Lessons from Boston’s Past and Beyond

Boston never saw a catastrophe on the scale of the Bronx fires, but witnessed the same economic forces at work on a smaller scale. From 1970 until rent control ended in 1994, Boston and its neighboring cities of Cambridge and Brookline had strict rent control policies. Rents in controlled units were kept far below market rates (often 40%+ lower than similar non-regulated apartments nearby). At first this kept housing cheap for select tenants. However, over the years, local landlords faced the same squeeze between rising costs and fixed income. Many properties in Cambridge and Boston fell into disrepair.

When Massachusetts voters narrowly approved a referendum to eliminate rent control in 1994, the effects were dramatic. Landlords who could finally charge sustainable rents, unlocking a wave of reinvestment. Over the next decade, formerly rent-controlled buildings in Cambridge saw their market values jump by roughly 45% as owners repaired, upgraded, and modernized them. Lifting the rent cap removed a weight that had been dragging neighborhoods down. What seemed like a renter-friendly policy had been quietly undermining the very fabric of those communities.

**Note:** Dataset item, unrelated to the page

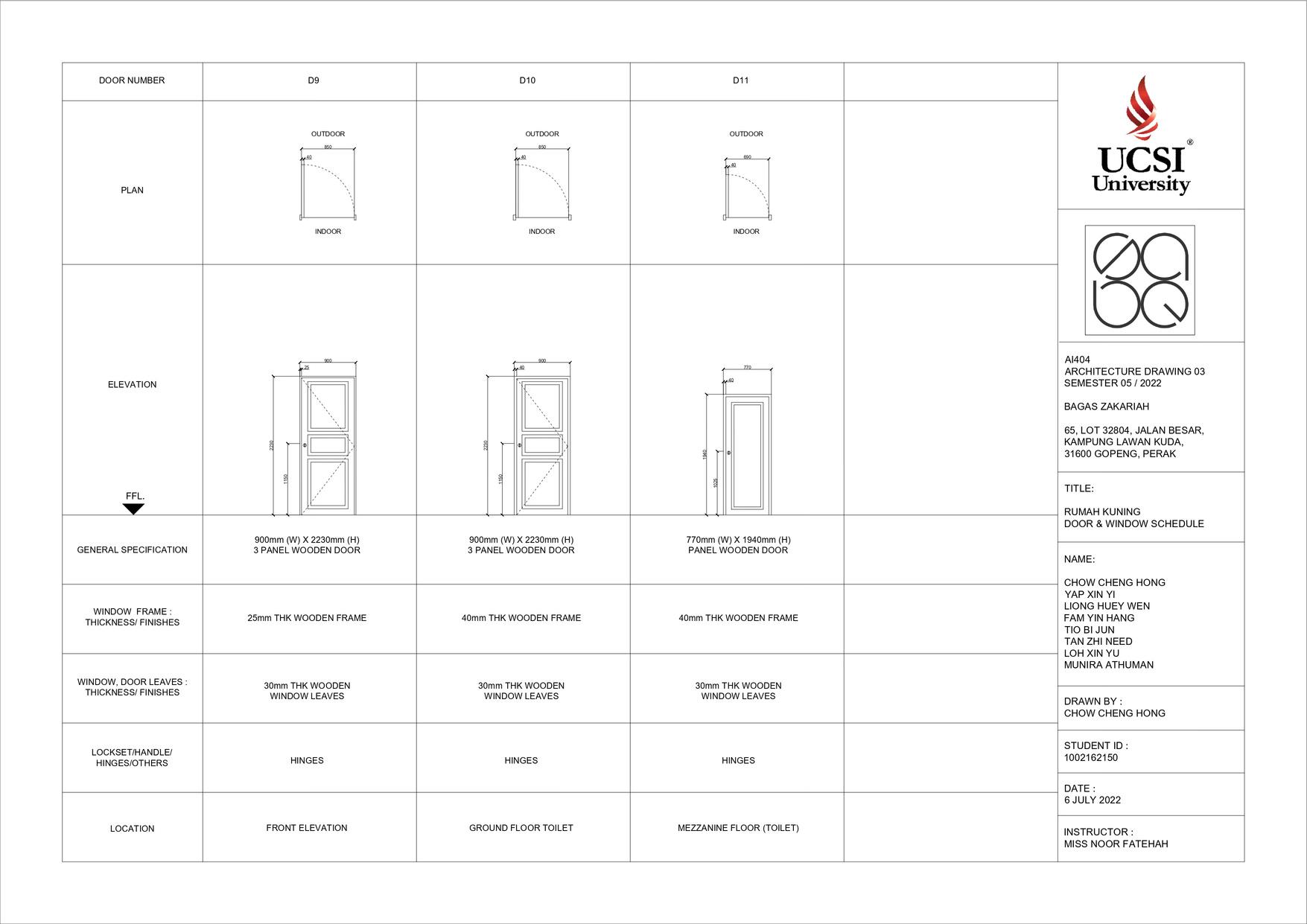 TECHNICAL DRAWING : WINDOW AND DOOR SCHEDULE 3

Boston’s past mirrored the Bronx in one key respect: rent control shrank the housing supply. In New York, it happened via abandonment and arson; in Boston, it happened more subtly. Through the 1980s, virtually no new rental housing was built in Cambridge or Boston’s controlled neighborhoods - developers built elsewhere or not at all. Some landlords converted apartments to condominiums or chose to leave units vacant rather than subject them to strict regulation. The outcome was the same: fewer homes available in the long run. Supply-demand curves don't care about politics, and the ripple effects of messing with them are far-reaching.

A recent Stanford study of San Francisco’s rent control expansion in the 1990s found the same result: rent control caused a 15% decline in the number of rental units as landlords pulled units off the market or redeveloped buildings, leading to higher rents in the long term due to the reduced supply. In San Francisco’s case, the researchers concluded that rent control ultimately fueled gentrification - the policy intended to help low-income residents ended up encouraging landlords to replace affordable units with upscale condos and attracted even wealthier tenants, exacerbating inequality. The city “protected” some incumbent renters at the expense of a broader housing crisis for the next generation.

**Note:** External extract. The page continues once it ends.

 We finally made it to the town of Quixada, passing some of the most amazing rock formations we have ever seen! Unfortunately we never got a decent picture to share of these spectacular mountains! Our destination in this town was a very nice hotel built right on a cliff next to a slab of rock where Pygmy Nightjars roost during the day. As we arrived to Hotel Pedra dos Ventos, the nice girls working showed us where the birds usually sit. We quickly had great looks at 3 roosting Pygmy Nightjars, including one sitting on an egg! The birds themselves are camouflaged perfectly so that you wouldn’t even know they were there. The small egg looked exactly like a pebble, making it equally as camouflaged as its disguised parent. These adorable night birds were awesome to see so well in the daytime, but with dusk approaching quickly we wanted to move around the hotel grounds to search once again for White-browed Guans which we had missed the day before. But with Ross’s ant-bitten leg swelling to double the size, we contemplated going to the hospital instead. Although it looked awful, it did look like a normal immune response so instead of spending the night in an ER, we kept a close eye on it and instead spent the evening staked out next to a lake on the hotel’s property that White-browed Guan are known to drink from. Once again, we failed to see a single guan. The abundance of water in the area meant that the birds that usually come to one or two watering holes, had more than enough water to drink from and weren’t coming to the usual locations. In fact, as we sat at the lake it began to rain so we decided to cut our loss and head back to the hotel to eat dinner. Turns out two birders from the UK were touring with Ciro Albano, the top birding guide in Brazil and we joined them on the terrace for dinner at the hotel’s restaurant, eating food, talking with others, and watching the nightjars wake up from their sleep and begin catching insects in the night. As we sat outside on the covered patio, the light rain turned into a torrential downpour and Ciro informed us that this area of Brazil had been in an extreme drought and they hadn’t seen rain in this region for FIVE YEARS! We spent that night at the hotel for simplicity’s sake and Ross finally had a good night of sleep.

From Stockholm’s notorious decades-long apartment waitlists to Berlin’s recent failed experiment with rental price caps, the story repeats: whenever rents are held artificially low by law, the housing supply withers and the people it’s meant to help often end up worse off. Everyone ends up worse off. Builders stop building. Owners neglect their properties or find ways to escape the system. Neighborhoods decay. Sometimes the decay is slow and hidden; other times - as in 1970s New York - it’s sudden and tragic.

The Fundamental Flaw

Rent control treats the symptoms (high prices), not the cause (high operating cost). A price cap doesn’t make costs disappear. Landlord’s expenses for taxes, heat, repairs, and mortgages are rising year after year. Even with a baked-in factor of "maximum allowed annual increase", this flawed design assumes that landlords raise rents consistently and that other market forces are subject to the same cap. For rent control to make sense, we need a bunch of other "controls" to go along with it:

  • Tax control
  • Utility cost control
  • Wage control
  • Material cost control

At this point we're no longer talking about rent, we're taking a snapshot in time and forcing it on the society as a whole - "Soviet Union"-style. The real problem isn't rents, but the high cost of living in Boston because the very politicians arguing for rent control never ran a business in their life and can't budget their books. For rents to be more reasonable in Boston, the cost of doing business needs to be more reasonable in Boston.